══ Recorded information ══

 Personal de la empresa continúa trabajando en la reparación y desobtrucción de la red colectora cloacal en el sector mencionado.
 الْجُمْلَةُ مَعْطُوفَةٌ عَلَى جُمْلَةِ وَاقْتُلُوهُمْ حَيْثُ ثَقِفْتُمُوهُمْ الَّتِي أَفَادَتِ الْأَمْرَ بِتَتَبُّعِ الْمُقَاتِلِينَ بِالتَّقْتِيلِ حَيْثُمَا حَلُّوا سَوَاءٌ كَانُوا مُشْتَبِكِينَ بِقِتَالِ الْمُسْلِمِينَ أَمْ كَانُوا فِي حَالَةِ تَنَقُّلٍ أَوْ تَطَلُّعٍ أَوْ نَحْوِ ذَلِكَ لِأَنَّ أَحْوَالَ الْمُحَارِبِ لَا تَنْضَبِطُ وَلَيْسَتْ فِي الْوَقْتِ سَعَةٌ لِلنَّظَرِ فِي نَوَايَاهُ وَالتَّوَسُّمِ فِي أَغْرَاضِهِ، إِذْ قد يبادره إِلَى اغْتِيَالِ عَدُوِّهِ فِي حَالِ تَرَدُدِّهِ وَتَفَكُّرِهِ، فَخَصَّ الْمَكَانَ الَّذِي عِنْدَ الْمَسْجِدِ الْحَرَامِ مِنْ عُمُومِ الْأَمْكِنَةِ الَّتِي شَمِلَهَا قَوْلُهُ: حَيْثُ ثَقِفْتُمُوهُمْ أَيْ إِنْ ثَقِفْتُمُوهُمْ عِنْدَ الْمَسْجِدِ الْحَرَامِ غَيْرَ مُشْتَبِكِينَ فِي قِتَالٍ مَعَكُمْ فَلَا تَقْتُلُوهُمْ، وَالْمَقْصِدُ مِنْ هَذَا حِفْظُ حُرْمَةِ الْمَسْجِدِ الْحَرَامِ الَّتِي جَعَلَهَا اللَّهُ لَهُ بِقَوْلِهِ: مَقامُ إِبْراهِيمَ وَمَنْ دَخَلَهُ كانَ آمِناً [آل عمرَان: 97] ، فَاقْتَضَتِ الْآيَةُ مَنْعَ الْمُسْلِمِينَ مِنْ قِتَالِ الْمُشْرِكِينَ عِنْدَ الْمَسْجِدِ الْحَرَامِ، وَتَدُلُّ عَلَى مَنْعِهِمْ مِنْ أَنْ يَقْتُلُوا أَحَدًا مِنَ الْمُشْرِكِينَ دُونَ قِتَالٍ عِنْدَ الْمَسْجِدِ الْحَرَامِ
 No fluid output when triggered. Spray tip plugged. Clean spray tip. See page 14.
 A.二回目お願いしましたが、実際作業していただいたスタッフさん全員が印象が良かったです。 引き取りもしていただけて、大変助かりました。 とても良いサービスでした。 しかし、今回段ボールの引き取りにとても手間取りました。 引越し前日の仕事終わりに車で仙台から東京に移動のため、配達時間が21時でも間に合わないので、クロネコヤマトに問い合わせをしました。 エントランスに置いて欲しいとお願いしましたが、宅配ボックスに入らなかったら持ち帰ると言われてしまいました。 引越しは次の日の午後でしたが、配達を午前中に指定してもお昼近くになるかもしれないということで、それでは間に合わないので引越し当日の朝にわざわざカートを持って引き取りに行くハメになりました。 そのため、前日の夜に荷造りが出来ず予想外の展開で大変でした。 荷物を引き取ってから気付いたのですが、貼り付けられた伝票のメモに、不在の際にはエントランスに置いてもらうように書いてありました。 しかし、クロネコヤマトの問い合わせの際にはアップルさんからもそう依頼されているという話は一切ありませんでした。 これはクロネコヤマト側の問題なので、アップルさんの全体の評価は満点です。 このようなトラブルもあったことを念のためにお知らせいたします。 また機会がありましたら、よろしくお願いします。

═══

Task prompt — Start with the line above that contains "الْجُمْلَةُ مَعْطُوفَةٌ عَلَى" and end with the line that contains "No fluid output". Write out those lines exactly, and only those.

Result of this task —
 الْجُمْلَةُ مَعْطُوفَةٌ عَلَى جُمْلَةِ وَاقْتُلُوهُمْ حَيْثُ ثَقِفْتُمُوهُمْ الَّتِي أَفَادَتِ الْأَمْرَ بِتَتَبُّعِ الْمُقَاتِلِينَ بِالتَّقْتِيلِ حَيْثُمَا حَلُّوا سَوَاءٌ كَانُوا مُشْتَبِكِينَ بِقِتَالِ الْمُسْلِمِينَ أَمْ كَانُوا فِي حَالَةِ تَنَقُّلٍ أَوْ تَطَلُّعٍ أَوْ نَحْوِ ذَلِكَ لِأَنَّ أَحْوَالَ الْمُحَارِبِ لَا تَنْضَبِطُ وَلَيْسَتْ فِي الْوَقْتِ سَعَةٌ لِلنَّظَرِ فِي نَوَايَاهُ وَالتَّوَسُّمِ فِي أَغْرَاضِهِ، إِذْ قد يبادره إِلَى اغْتِيَالِ عَدُوِّهِ فِي حَالِ تَرَدُدِّهِ وَتَفَكُّرِهِ، فَخَصَّ الْمَكَانَ الَّذِي عِنْدَ الْمَسْجِدِ الْحَرَامِ مِنْ عُمُومِ الْأَمْكِنَةِ الَّتِي شَمِلَهَا قَوْلُهُ: حَيْثُ ثَقِفْتُمُوهُمْ أَيْ إِنْ ثَقِفْتُمُوهُمْ عِنْدَ الْمَسْجِدِ الْحَرَامِ غَيْرَ مُشْتَبِكِينَ فِي قِتَالٍ مَعَكُمْ فَلَا تَقْتُلُوهُمْ، وَالْمَقْصِدُ مِنْ هَذَا حِفْظُ حُرْمَةِ الْمَسْجِدِ الْحَرَامِ الَّتِي جَعَلَهَا اللَّهُ لَهُ بِقَوْلِهِ: مَقامُ إِبْراهِيمَ وَمَنْ دَخَلَهُ كانَ آمِناً [آل عمرَان: 97] ، فَاقْتَضَتِ الْآيَةُ مَنْعَ الْمُسْلِمِينَ مِنْ قِتَالِ الْمُشْرِكِينَ عِنْدَ الْمَسْجِدِ الْحَرَامِ، وَتَدُلُّ عَلَى مَنْعِهِمْ مِنْ أَنْ يَقْتُلُوا أَحَدًا مِنَ الْمُشْرِكِينَ دُونَ قِتَالٍ عِنْدَ الْمَسْجِدِ الْحَرَامِ
 No fluid output when triggered. Spray tip plugged. Clean spray tip. See page 14.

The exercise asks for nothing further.